Thanks for pointing to arrow! I hadn’t heard of it before. It does seem this technology is a bit immature (see test below), and I guess it doesn’t solve our problem of storing things that are too big for memory?

system.time(
  arrowTable <- arrow::Table$create(data)
)
# user  system elapsed 
# 0.19    0.02    0.20 
# Nice!

system.time(
  result <- arrowTable[arrowTable$anInteger == data$anInteger[100], ]
)
# Crashes R

object.size(arrowTable)
# 416 bytes
# Not sure how to measure the memory footprint

Vojtech_Huser · February 3, 2020, 6:42pm

I am also a big fan of dbplyr!

spfohl · February 6, 2020, 5:32pm

That’s a shame that the R version doesn’t appear as mature. In python, arrow allows you to work nicely with the Apache parquet file format, which allows for partitioned datasets on disk, and has a high rate of compression, fast IO, and can represent out of memory datasets with tools like Dask or Spark. I have a prototype pipeline that goes FeatureExtraction -> ffdf -> csv -> parquet and the parquet files are roughly ~30% of the size of the respective csv or ff files.

Regardless, it looks like there isn’t really an Arrow/parquet solution that plays nicely with the current R ecosystem.

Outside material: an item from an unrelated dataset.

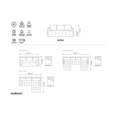 Haki salokāms/ar uzglabāšanas vietu stūra dīvāns (ar labo stūri/ar zvilni) Moku – Makamii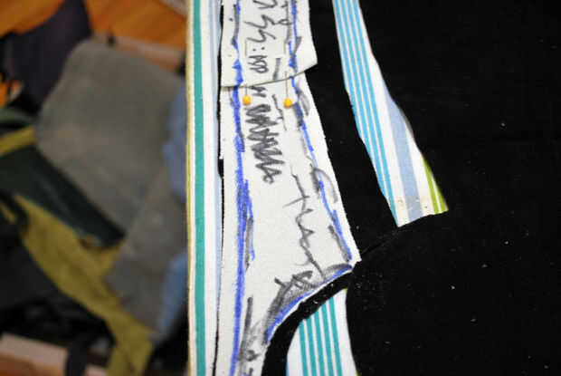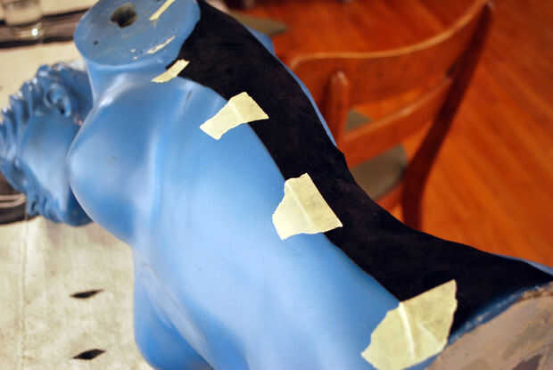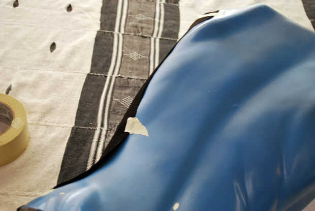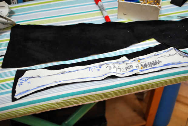 Cuando fue cortada la pieza, puse al maniquí en la mesa de trabajo, lado izquierdo y coloca la pieza de gamuza sobre su lado. He utilizado arrancado trozos de cinta adhesiva para fijar el cuero en el formulario. De esta manera pude comprobar el ajuste de la piel antes de pasar a mi próxima pieza.

Adam_Black · February 17, 2020, 3:33pm

Hi everyone,

I’m fairly new to OHDSI and am just getting started using our CDM at Maine Medical Center. I have been using dbplyr for several years and absolutely love it. The way it provides a readable language that abstracts away differences between in-memory dataframes and SQL tables is pretty stellar. Also the developers at RStudio seem to do really high quality work so building on top of their work makes sense. That said I don’t think I would use dbplyr for CRUD operations. It seems best suited for Read operations and not for Create, Update, Delete operations.

I think RStudio is working with the Apache Arrow project but it sounds like that might not meet the need in the short term.

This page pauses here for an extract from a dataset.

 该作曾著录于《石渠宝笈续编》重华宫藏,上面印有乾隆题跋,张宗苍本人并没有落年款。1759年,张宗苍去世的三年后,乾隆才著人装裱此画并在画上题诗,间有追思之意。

On (naive) question I have about this discussion is why we would take data out of a CDM database and put it into another database. Could we not just use temp tables in the CDM database to store the large result tables rather than loading them into SQLite?

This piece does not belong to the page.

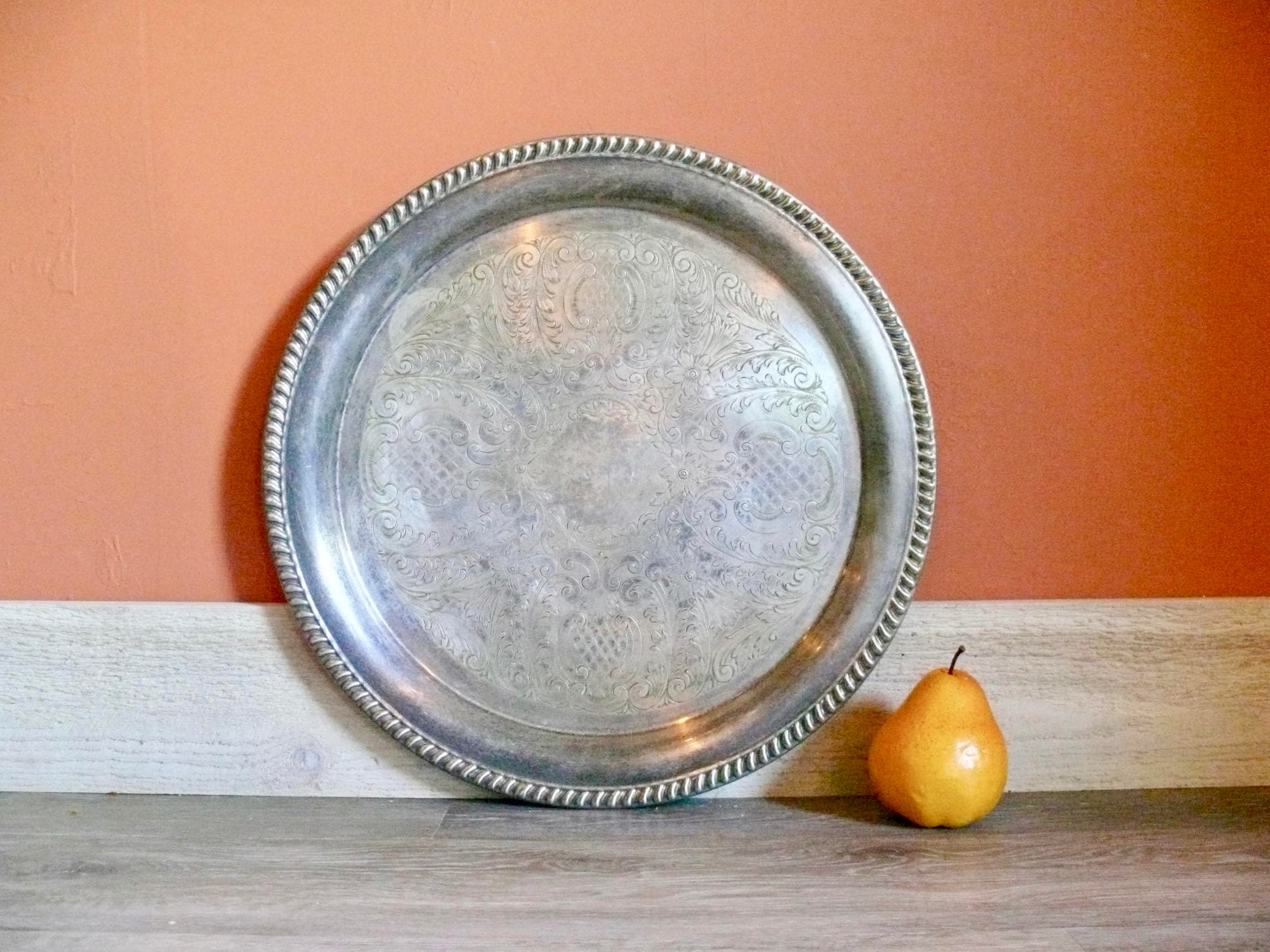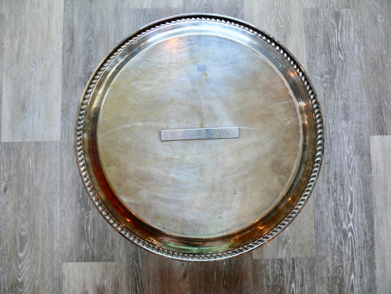 Round 16 Sheridan Silver Etched Serving Tray With Floral Etsy

schuemie · February 17, 2020, 4:17pm

Because we need to do a lot of post-processing of the data, once we have grabbed it from the (remote) database. For example, before fitting an outcome model we may want to get rid of data of non-informative strata, data that we did need just a few minutes earlier when fitting a propensity model. Yes, we could perform all these operations on the server, but we would get a massive increase in database IO, which currently isn’t our bottleneck, but would surely become so immediately.

Other reasons I like to do analytic steps locally:

I like one data pull to get all the data from the remote server, and then do all processing locally. This vastly increases stability (I think).
We officially support 4 or 5 different database platforms, unofficially a dozen or so, with very different SQL dialects. We can make our life a lot easier if most complex operations are done locally, in a uniform environment, rather than in the remote database jungle.

Adam_Black · February 17, 2020, 4:27pm

Makes sense. How large are the analytic datasets in terms of number of rows and/or Gigabytes? If everyone had >=32GB of RAM available on a local analytic machine could we just use in-memory dataframes and the data.table package?

schuemie · February 18, 2020, 7:25am

Usually between 1 and 10GB, although I’ve had objects that were around 32GB. I would use multi-threading, so would access 3 or 4 such objects at a time. But that is an extreme case (and I have 168GB of RAM, so still wouldn’t have needed ff).

Adam_Black · February 18, 2020, 2:53pm

I can’t work with large datasets locally since my work laptop is pretty under resourced and locked down. We have a remote R server that will to the analytical work and has a ton of RAM. One benefit of using dplyr is that you could support multiple backend technologies including RSQLite (dbplyr), Spark (sparklyr), data.table (dtplyr) with minimal effort. This is the direction RStudio is going and is conceptually similar to generic OHDSI SQL. Then each institution could use the best option for the infrastructure they have, maybe using RSQLite as a default backend.

Is there a work group around OHDSI R package development that I can join?